Exmples of Isekai Light Novels and Anime

  • Sword Art Online: A bunch of players of the titular VR MMORPG are trapped in the game by it's designer. It's Isekai without the Isekai-ing. Though the setup is a Virtual Reality game, the author has gone or record as saying that was only the framing device to get to another world. Nonetheless, despite predating the Isekai boom, it hits most of the beats.
  • Log Horizon: On the eve of its newest expansion, all the players of the MMORPG ElderTale are suddenly sucked into the game's world. Leans into the RPG Mechanics thing, but often in a deconstructive way.
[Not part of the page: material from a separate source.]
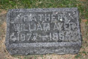 William Ayer (1877 - 1965) was the son of Cullen and Mary Jane (Lampshire) Ayer (1889 - 1920). Both he and his wife Ella M. (Nice) are buried in the Brighton Cemetery, Unity, Wisconsin.

For example, an EXP penalty upon death is taken from your actual Experiences, i.e.: your memories, or the Fluff text of various weapons and items starts becoming real(that cool Purple-rarity weapon you got that says it carries a terrible curse? you might wanna drop it like now!). It also focuses less on the invincible heroics of it's protagonist(who's more of a Support Class anyway), and focuses on the players trying to build themselves a life in the game world.
  • Isekai Cheat Magician: A young man and his childhood friend are summoned to another world, get magic powers that seemingly break the rules. Exactly as bland as the name suggests, this story should've come in a plain white box with the word "Isekai" written on the cover.
  • Ascendance of a Bookworm: A bookish young lady dies by extreme irony, only to find herself reborn in the body of a six-year-old peasant girl. Books are extremely rare and hard-to-find in this world, especially for Commoners, so she sets out on a journey of re-invention to make the books she wants to read. This is one of the few works to actually use its gimmick(s) well, being more of a Slice-of-life than "Epic" Fantasy.